A retrospective analysis of survival data from patients with metastatic non–small cell lung cancer showed that patients who received treatment at academic centers had better survival rates than those treated at community-based centers, and this disparity was more pronounced when patients were stratified by histology.
A retrospective analysis of survival data from patients with metastatic nonsmall cell lung cancer (NSCLC) showed that patients who received treatment at academic centers (ACs) had better survival rates than those treated at community-based centers (CCs), and this disparity was more pronounced when patients were stratified by histology.1
“There has been an improvement in the treatment of advanced lung cancers over the last 20 years and it is happening at both the community and the academic level,” explained Jeffrey Crawford, MD, the study’s senior author, George Barth Geller Professor of Medicine, and the codirector of the Solid Tumor Therapeutics Program at the Duke Cancer Institute in Durham, North Carolina. “Notably, it is happening in the adenocarcinoma population and not the squamous population. That was the most important observation because that had not been recognized before.”
Survival advantage between the 2 settings was analyzed from data collected from the National Cancer Database (NCDB) between 1998 and 2010 in patients with advanced NSCLC. The primary outcome was 2-year survival, or the proportion of patients surviving at least 24 months past the time of diagnosis.
An increase in the 2-year survival rate was observed in both groups between 1998 and 2010; however, patients treated in ACs had better survival rates and the survival disparity increased over time.
The 2-year survival rate in 1998 was 11.5% versus 9.2% in ACs and CCs, respectively. By 2010, the rates were 17.4% and 13.1%, accounting for a 2% increase in the survival disparity between the 2 groups over time.
“New innovations in treatment that we see at the clinical trial level are playing out at the overall population level,” Crawford said. “These studies were initially done at academic centers and therefore [they may have been better equipped] to adopt those changes sooner,” he explained.
A greater increase in survival rates was also dependent on histologic factors with adenocarcinoma outpacing squamous cell carcinoma by 0.59% per year in the 2-year survival rate. For all patients, histology-dependent survival in 1998 was comparable between patients with adenocarcinoma (10.2%) and squamous cell carcinoma (9.9%). However, there was a statistically significant disparity by 2010 with 17.3% of patients with adenocarcinoma surviving at 2 years versus 10.1% with squamous cell carcinoma.
Survival in patients with adenocarcinoma also varied by treatment facility with a 2-year survival rate of 12.3% versus 9.1% in ACs and CCs, respectively, in 1998. By 2010, both groups saw an increase in survival, 20.5% versus 15.5%, respectively, accounting for a 1.8% increase in the survival-rate disparity.
Study investigators say several factors may account for the disparity between the 2 settings including more availability of lung cancerspecific pathologists and molecular testing.
“Perhaps [pathologists at academic centers] are more tuned in on separating squamous from nonsquamous cancer. These are questions we cannot really answer from the database,” said Crawford.
The increasing importance of histology in treating NSCLC started around the early 2000s, Crawford said, and this could explain why there was a disparity observed in the designated study period. Treatment approaches became separated by squamous and nonsquamous histology because of 2 factors: the squamous population has a high risk of bleeding when bevacizumab (Avastin) is added to chemotherapy regimens and is therefore not used in this population, and the data for pemetrexed showed it was beneficial in nonsquamous but not in squamous cancers.

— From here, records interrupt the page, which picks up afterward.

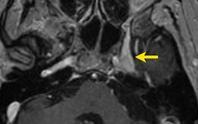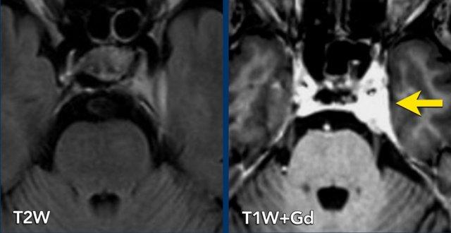 Hình ảnh sau tiêm thuốc tương phản từ cho thấy tăng ngấm thuốc ở xoang hang bên trái, lan rộng vào hang Meckel.
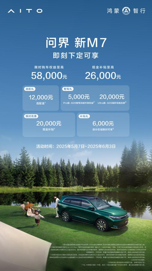 目前,问界官方还推出了重磅购车权益:即日起至6月3日下定问界新M7,至高可享价值58000元限时购车权益,及至高26000元现金补贴权益,进一步助力用户轻松购车。
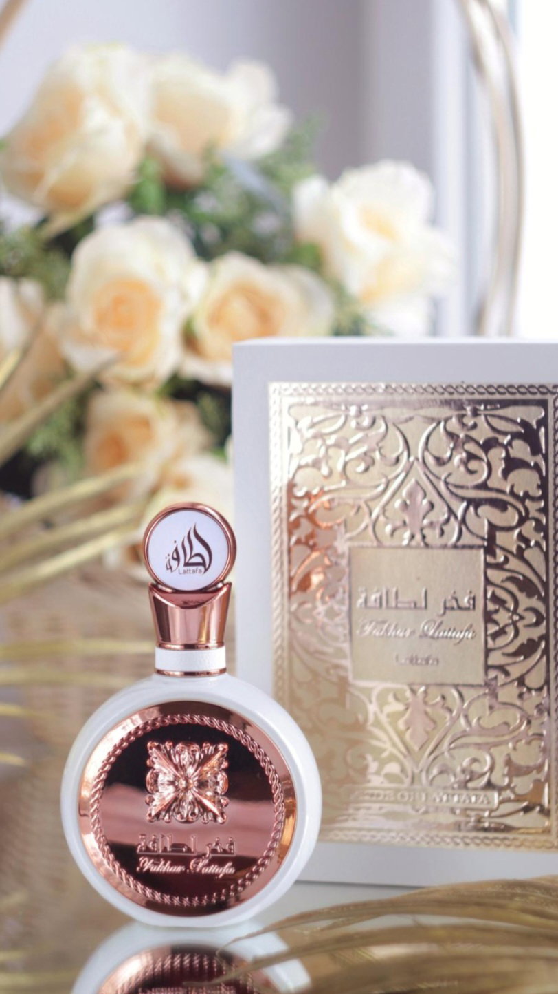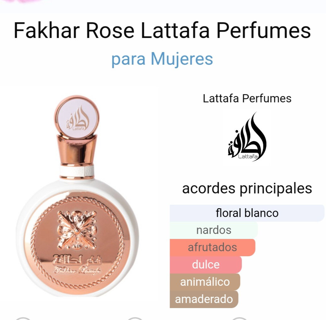 Fakhar Rose de Lattafa es una fragancia floral y encantadora que captura la esencia de la rosa en plena floración. Sus notas combinan la frescura de la rosa y las flores blancas con toques suaves de madera y ámbar, creando una experiencia olfativa única y sofisticada 💮⚘️🌸🌷
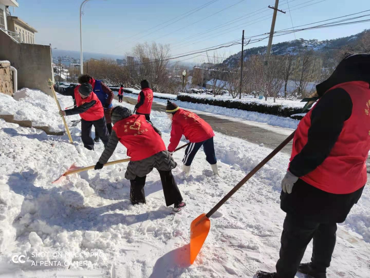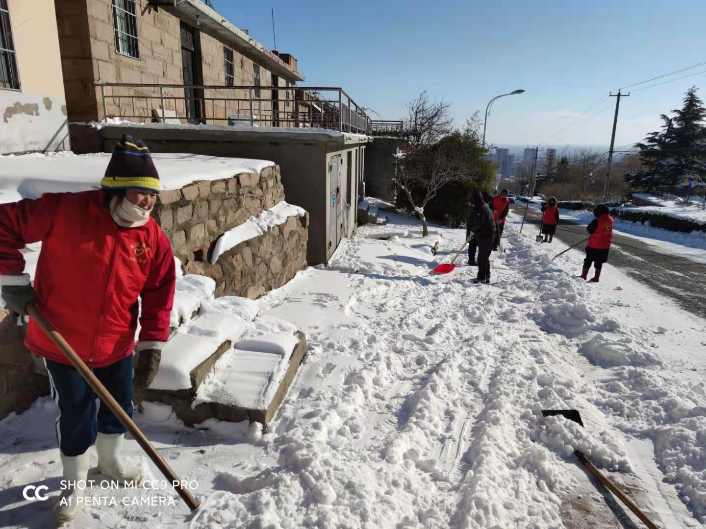 我市持续暴雪大风天气,为了防止积雪堆积在路面将严重影响车辆行驶和居民出行。西岚社区志愿者自带铁锨对路面进行清扫,大家齐心协力把道路清扫得干干净净,保障道路通畅,保证了居民的正常安全出行。
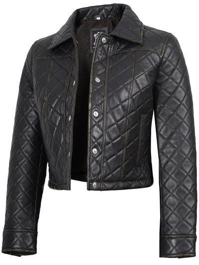 Mable Women's Dark Brown Cropped Shirt Collar Leather Jacket

He went on to explain that targeted therapies for patients that have genetic aberrations inEGFR,ALK, and other genes were being introduced and mainly benefited patients in the adenocarcinoma population.

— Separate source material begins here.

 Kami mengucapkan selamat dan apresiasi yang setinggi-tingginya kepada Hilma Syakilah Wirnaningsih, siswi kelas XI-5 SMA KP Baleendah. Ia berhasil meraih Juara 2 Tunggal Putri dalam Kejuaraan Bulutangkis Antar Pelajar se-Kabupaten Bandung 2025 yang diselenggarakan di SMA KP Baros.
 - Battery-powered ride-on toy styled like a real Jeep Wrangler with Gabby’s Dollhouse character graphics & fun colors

“Over the time period, there was really no difference in outcome for [patients with squamous cell carcinoma]. It is unfortunate, but it serves as a good control since we have not seen an advance over this time period and there was not a real change,” Crawford said.

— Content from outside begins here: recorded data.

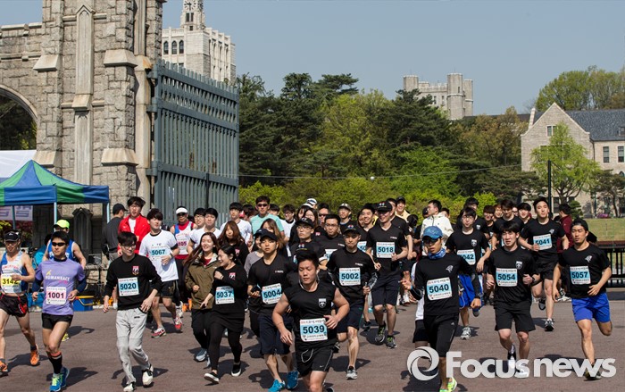 (서울=포커스뉴스) 4·19 혁명 56주기를 하루 앞둔 18일 오전 서울 성북구 고려대학교에서 열린 '4·18 희망나눔 마라톤'에 참가한 고려대생 및 일반인 참가자들이 힘차게 출발하고 있다.
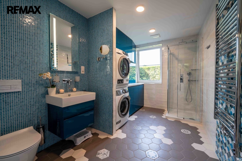 V přízemí je dále pracovna, koupelna s prádelní zónou, WC a sprchovým koutem. Z technické místnosti je vstup do garáže pro dvě auta, další dvě parkovací místa jsou před garáží. Přízemí je vybaveno podlahovým vytápěním a klimatizací v pokojích.
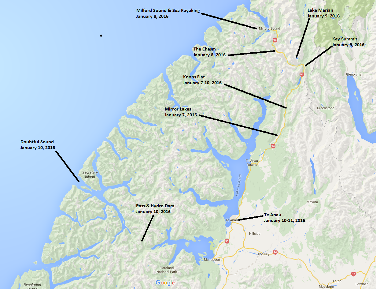 next three days, as there was little dining near Milford sound. After a breakfast in the parking lot of muffins, we headed south towards Knobs Flat, where we would stay the night. Weather
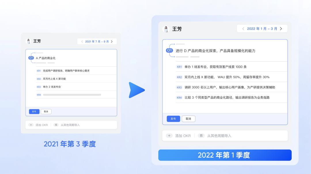 我们能清楚地看到她的变化,从一开始不顾优先级地罗列任务,到慢慢用自己的视角拆解战略,思考怎么能够有主有次地实现目标,甚至自己主动发起一个目标,自下而上地推动业务创新。

Past studies have suggested that treatment choices and outcomes in NSCLC vary between academic and nonacademic settings. According to a study by Samson et al, patients at academic centers were more likely to receive neoadjuvant chemotherapy (49.6% vs 40.6%;P<.001) while those in nonacademic centers were more likely to receive radiotherapy (54.7% vs 49.4%;P<.001).2
But even when accounting for confounders including performance status, distance traveled to receive treatment, time between diagnosis and care, and treatment plans that did not include chemotherapy, there was no advantage observed that would disproportionately favor ACs.
“The adoption of new regimens and new information has to do with disparities in care. We have to figure out how to [reduce] these disparities in the academic and community centers. I think that is the call going forward,” said Crawford.
He went on to explain that advances in the last 5 to 10 years, especially in immunotherapy and targeted therapies, necessitate another look at the data to see if these disparities have persisted.
This work was led by Sendhilnathan Ramalingam, MD, a hematology/oncology fellow at Duke. Ramalingam is currently analyzing more recent data from the NCDB, which includes the era of targeted therapy and immune therapy. The group is hoping these results will be ready for submission to the American Society of Clinical Oncology in 2019.